YOUR ASSIGNMENT = Below are the records; collect from them each line containing the string "situations".

(EXCERPTED DATA Opens)

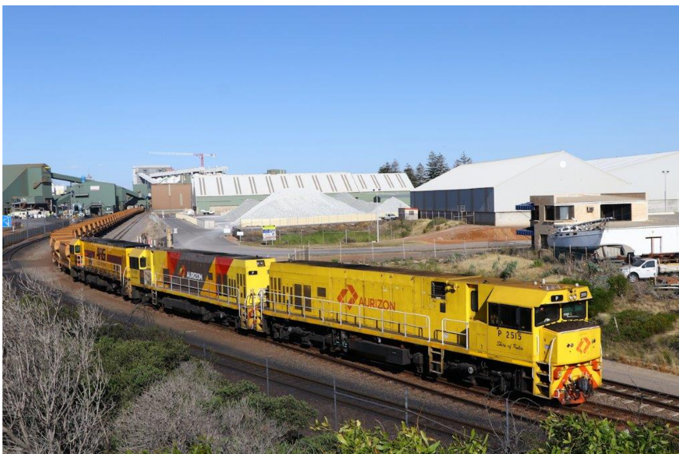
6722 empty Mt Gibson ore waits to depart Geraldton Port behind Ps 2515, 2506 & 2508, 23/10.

(EXCERPTED DATA Closes)
(EXCERPTED DATA Opens)

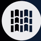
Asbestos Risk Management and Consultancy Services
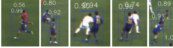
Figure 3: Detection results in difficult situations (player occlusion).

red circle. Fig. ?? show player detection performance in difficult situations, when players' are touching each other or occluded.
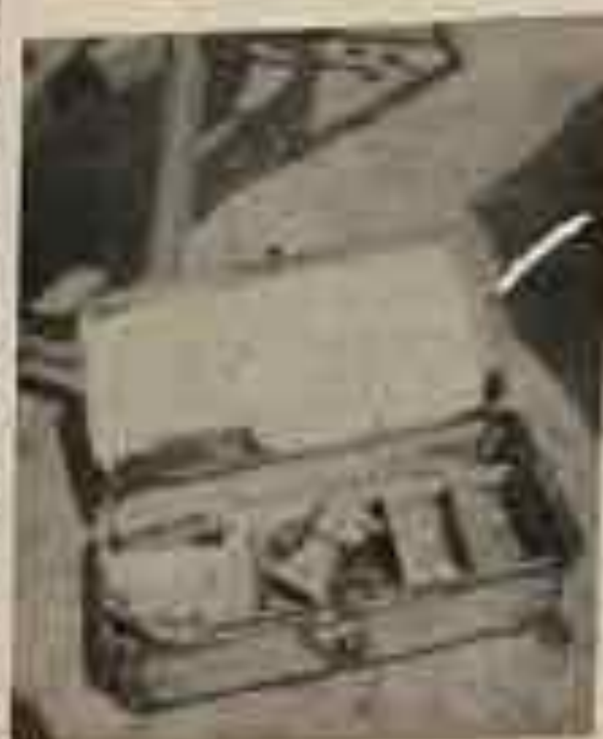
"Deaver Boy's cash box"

(EXCERPTED DATA Closes)
(EXCERPTED DATA Opens)

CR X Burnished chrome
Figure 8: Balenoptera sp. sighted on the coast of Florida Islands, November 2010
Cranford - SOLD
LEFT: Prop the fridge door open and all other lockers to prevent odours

(EXCERPTED DATA Closes)

WORKED SOLUTION =
Figure 3: Detection results in difficult situations (player occlusion).
red circle. Fig. ?? show player detection performance in difficult situations, when players' are touching each other or occluded.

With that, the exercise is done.